Inference of Self-Organizing Maps

The main class for inference of self-organizing maps is SOMLearner. The class initializes the topology of the map and returns an inference objects which, given the data, performs the optimization of the map:

import Orange
som = Orange.projection.som.SOMLearner(map_shape=(8, 8), 
         initialize=Orange.projection.som.InitializeRandom)
data = Orange.data.table("iris.tab")
map = som(data)
class Orange.projection.som.SOMLearner(map_shape=(5, 10), initialize=0, topology=0, neighbourhood=0, batch_train=True, learning_rate=0.05, radius_ini=3, radius_fin=1, epochs=1000, solver=<class 'Orange.projection.som.Solver'>, **kwargs)

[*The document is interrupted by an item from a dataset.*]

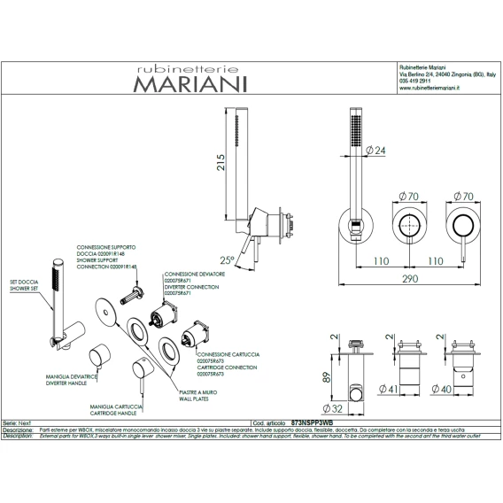 Смеситель для ванны Mariani Next B37873NSPP3WB встраиваемый, с душевым гарнитуром, белый матовый
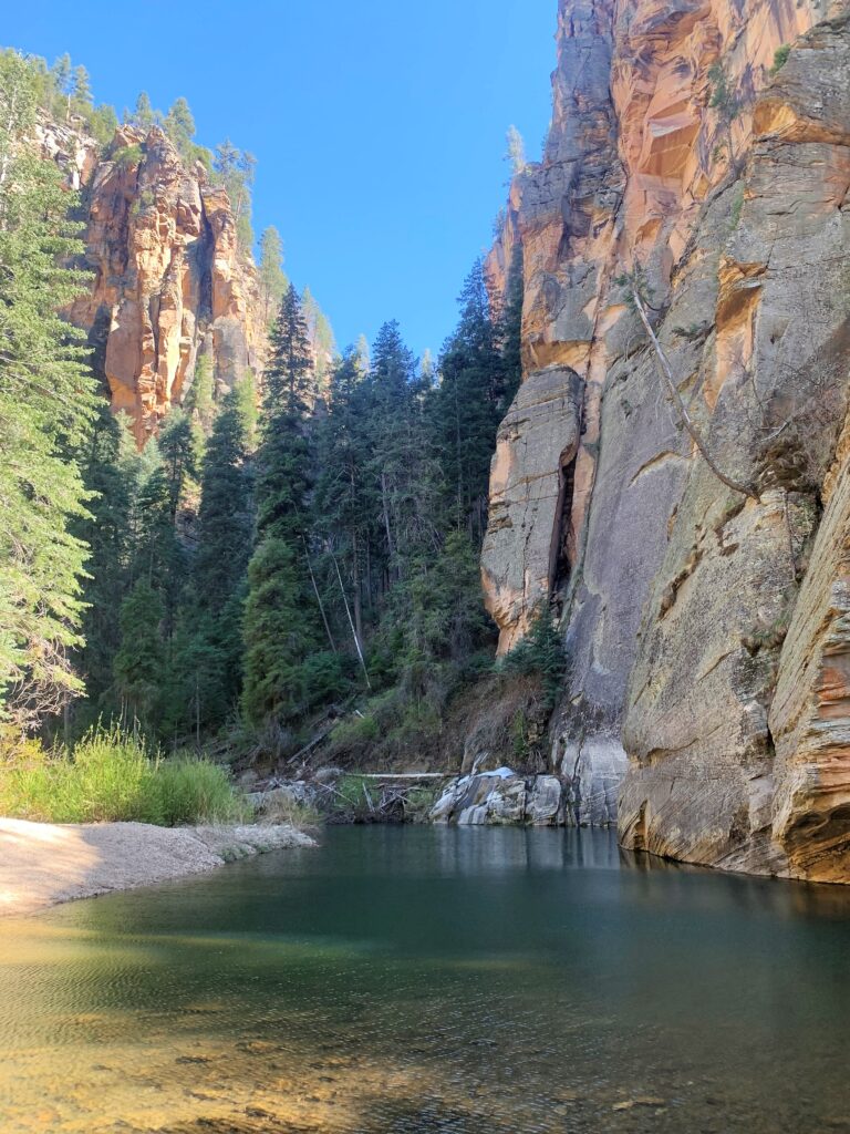 I worked my way down the steep and rocky Tramway Trail. Very impressive views of the deep pools at the bottom and sheer cliff walls. I recovered a bit at the bottom and chatted with the first people I have seen today. I then walked and waded downstream for about 0.6 miles before finding a campsite I couldn’t pass up. First task was to filter water and drink up!

Considers an input data set, projects the data instances onto a map, and returns a result in the form of a classifier holding projection information together with an algorithm to project new data instances. Uses Map for representation of projection space, Solver for training, and returns a trained map with information on projection of the training data as crafted by SOMMap.

Parameters:
class Orange.projection.som.SOMMap(map=[], data=[])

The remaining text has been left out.